Les services secrets pakistanais, l’ISI, et à travers eux une armée pléthorique dont ils sont le véritable cerveau moteur, ont littéralement muté comme un virus à travers le djihad afghan depuis 1980. Leur longue collusion avec les islamistes afghans et arabes les plus durs a abouti in fine à l’émergence d’un vaste tissu conjonctif qui relie parfaitement les uns et les autres : groupes terroristes opérant contre l’Inde au Cachemire ou contre Massoud en Afghanistan, cellules de réflexion et d’initiation partagées comme le mystérieux mouvement al-Fukrah, qui semble avoir été un des centres cachés d’Al-Qaïda, madrassas aux sous-sols profonds qui abritent encore Oussama Ben Laden et les siens, agents doubles comme l’est devenu Omar Sheikh à un moment de son existence et intermédiaires très haut placés, comme l’ancien patron de la guerre afghane, le général Hamid Gul, et ses amis si proches, les généraux Mahmoud Ahmad, Mohammed Aziz, chefs successifs de l’ISI et défenseurs irréductibles des talibans. Pour obtenir l’éloignement de Mohammed Aziz des services et y placer son homme lige, Ehsan Ul-Haq, Musharraf a dû placer ce dernier à la tête de l’état-major de l’armée. On connaît la suite révélée par la CIA au journaliste d’investigation Seymour Hersh : c’est la même armée pakistanaise qui a transmis à la Corée du Nord, après le 11 septembre, la matière fissile nécessaire à la confection de sa nouvelle bombe. Il se pourrait bien qu’une même démarche ait été suivie vis-a-vis du programme nucléaire iranien. Mais il y a pire encore : le chef du programme nucléaire, Abdul Qadir Khan, est encore un grand sympathisant d’Al-Qaïda et l’un de ses adjoints principaux, l’ingénieur général Bachiruddin Mahmoud, écarté de la direction du CEA pakistanais en 1999, avait rencontré en 1999, avait rencontré Oussama Ben Laden à deux reprises en août 2001, un mois seulement avant la grande offensive – une première fois à Peshawar, une seconde fois à Kaboul en compagnie de Hamid Gul.

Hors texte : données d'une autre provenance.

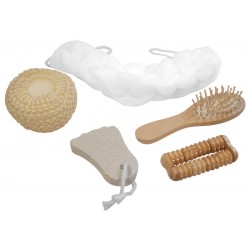 Canasto SPA de belleza en madera modelo "Naturals". Contiene cepillo de pelo, esponja malla, masajeador de madera, piedra pomez y esponja de masaje corporal.

« Il flotte sur ces villes une odeur d’Apocalypse », écrit Bernard-Henri Lévy. Je ne doute pas pour ma part, après cette lecture, que l’arène décisive de la guerre commencée le 11 septembre 2001 se situe en effet là, dans ce pays remarquable qu’est pourtant le Pakistan, mais dépourvu d’identité véritable tant le substrat de sa culture demeure indien, le Surmoi islamiste tortionnaire et persécuteur, et, entre les deux, le Moi anglo-iranien des fondateurs laïques et bien souvent chiites ou dissidents ahmedis en proie à une érosion terrible. Et cette crise, fantastiquement grossie dans la vallée de l’Hindus, c’est bien celle de tout l’Islam d’aujourd’hui, égaré entre une assimilation trop rapide face à son environnement extérieur et une nostalgie de son passé mythifié souvent stérile et parfois suicidaire. Ici ce livre devient véritablement visionnaire.